跳到主要內容

Concise 0.3.0 Release: with 'Dead End' Collocational Network Feature


As suggested in my previous article Collocation and Interactive Collocational Network, collocational networks are networks consisting of words that co-occur in a statistically significant way in a text.  In Concise 0.2x, we introduced an interactive way to explore the co-occurencetial relationship.  Now, with Concise 0.3.x, a 'dead-end' collocational network is featured.

The 'dead-end' collocational network provides a whole picture of your fundamental 'core' word.  It keeps expanding the network until nothing left.  However, the 'core' word you're using is not exactly the 'core' of its network.

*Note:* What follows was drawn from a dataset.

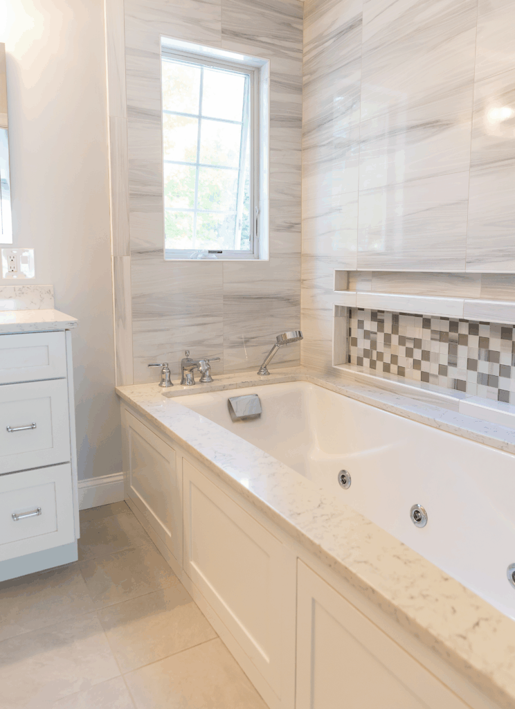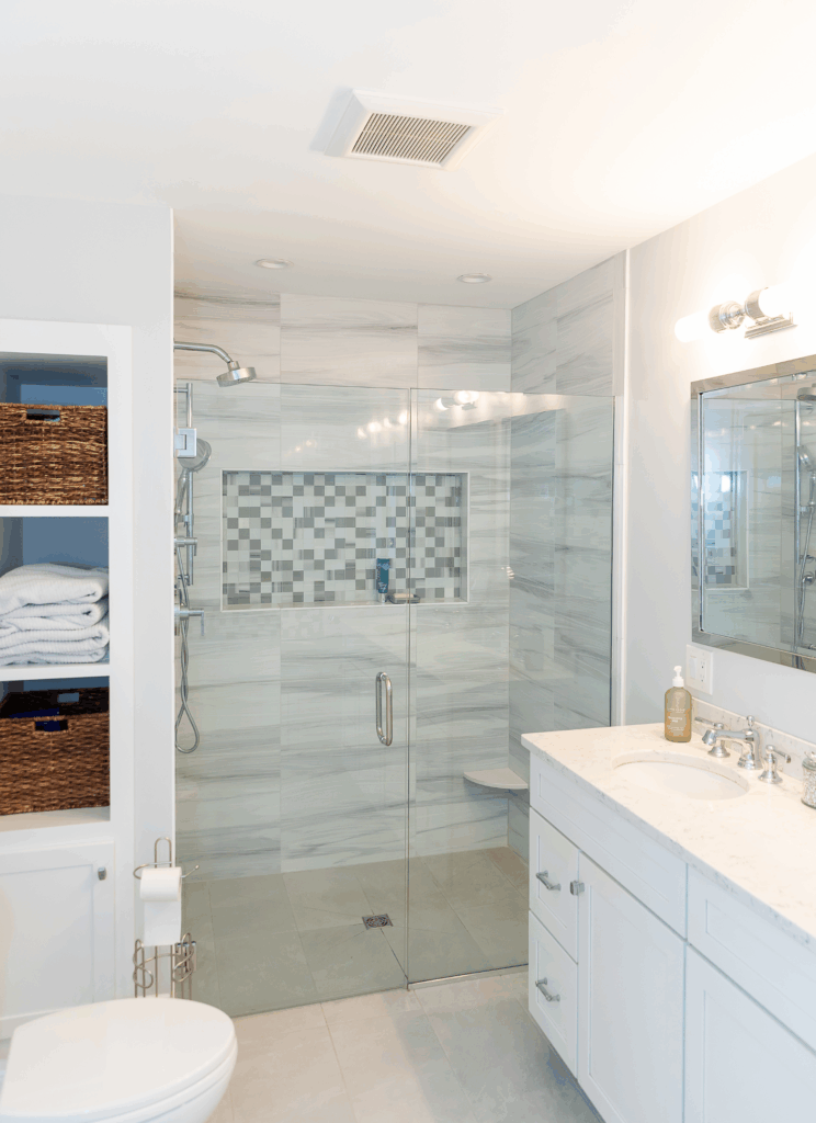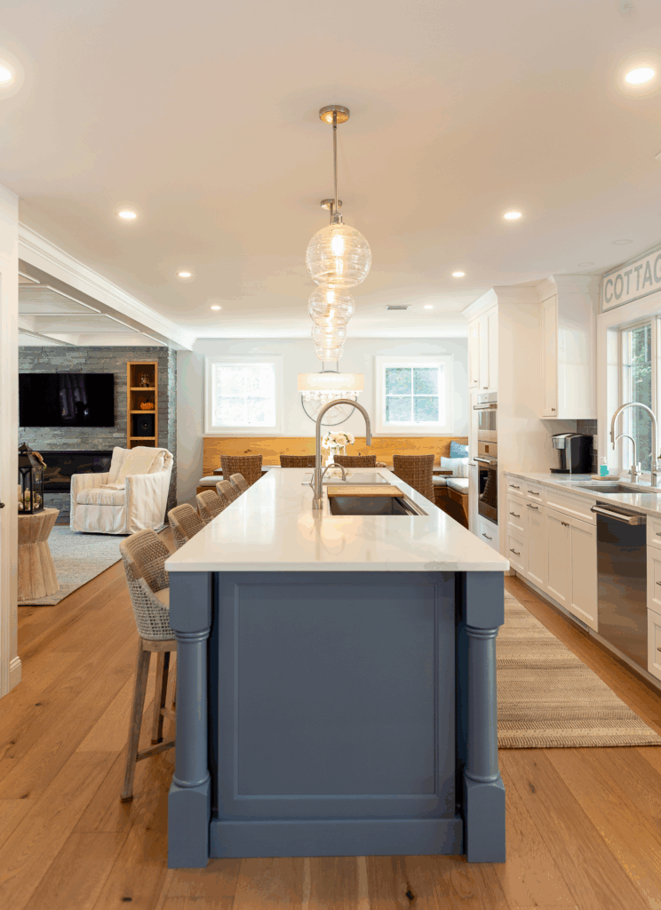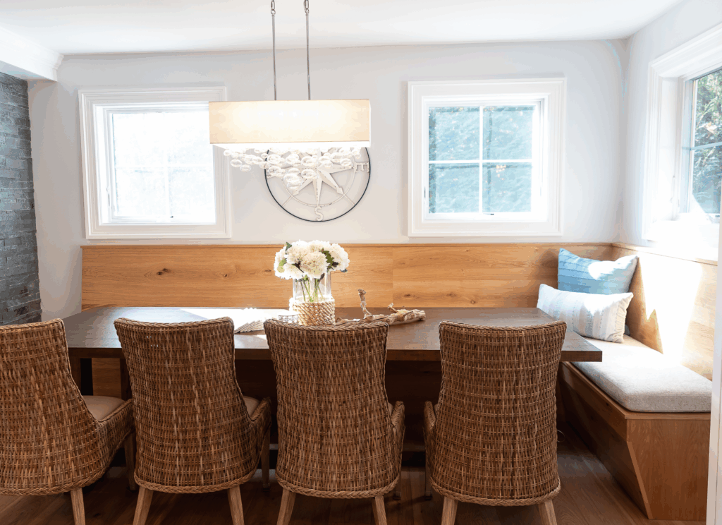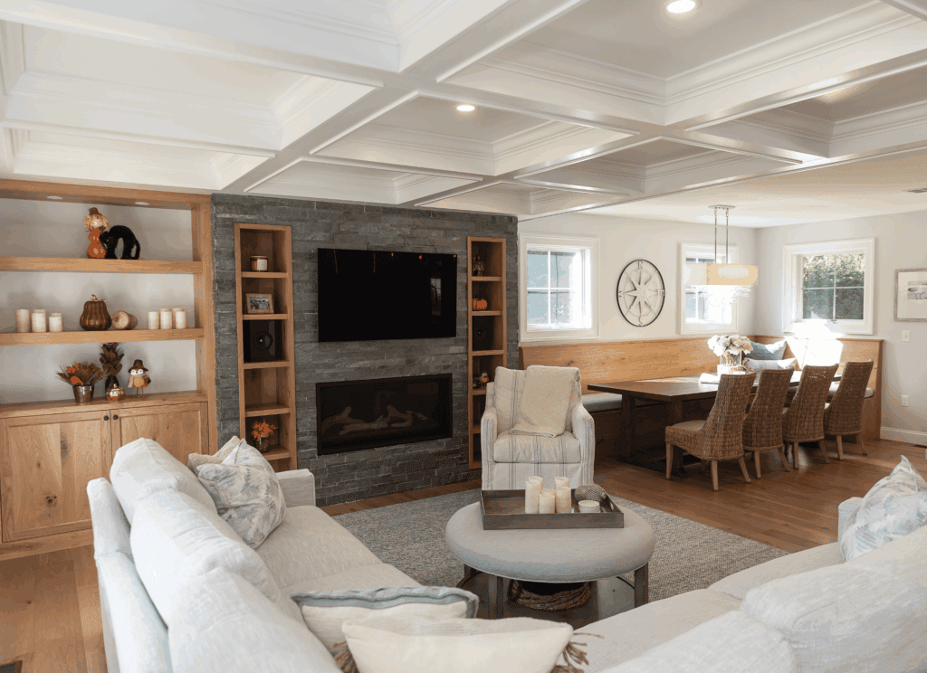Centered around comfort and connection, this remodel captures relaxed coastal living with a fresh, contemporary touch. The kitchen’s open layout and custom banquette create a breezy, welcoming hub for family gatherings, while white cabinetry and natural wood tones tie into the adjacent laundry and entry space for a seamless flow. A reimagined hearth anchors the living area with chestnut oak built-ins and a stacked stone fireplace, bringing texture and warmth throughout. In the primary bath, soft veined tile and built-in niches elevate everyday routines with quiet luxury. Designed for a family who loves to gather, every space in this home feels light, cohesive, and thoughtfully lived-in.

Take the upper collocational network for instance.  I was looking for the collocational network of 'farmer' (農民) among some of Council of Agriculture's (農委會) official documents.  The top five collocates (sorted by co-occurrence) are 'agriculture' (農業), 'counsel' (輔導), 'conduct' (辦理), 'promote' (推動), and 'develop' (發展).  These nodes suppose to be the central part (the 'core') of the network if documents are randomly selected.  But these official documents have very strong tendencies toward agricultural policy.  That is the reason why this dead-end network is mostly comprised of policy words.

Camilla Magnusson, in her Text Visualization for Competitive Intelligence, believes collocational network method is useful handling sequence text.  To test her theory, I put my documents into two collection by time.  The first collection ranges from 1996 to 2002; and the second collection ranges from 2003 to 2009.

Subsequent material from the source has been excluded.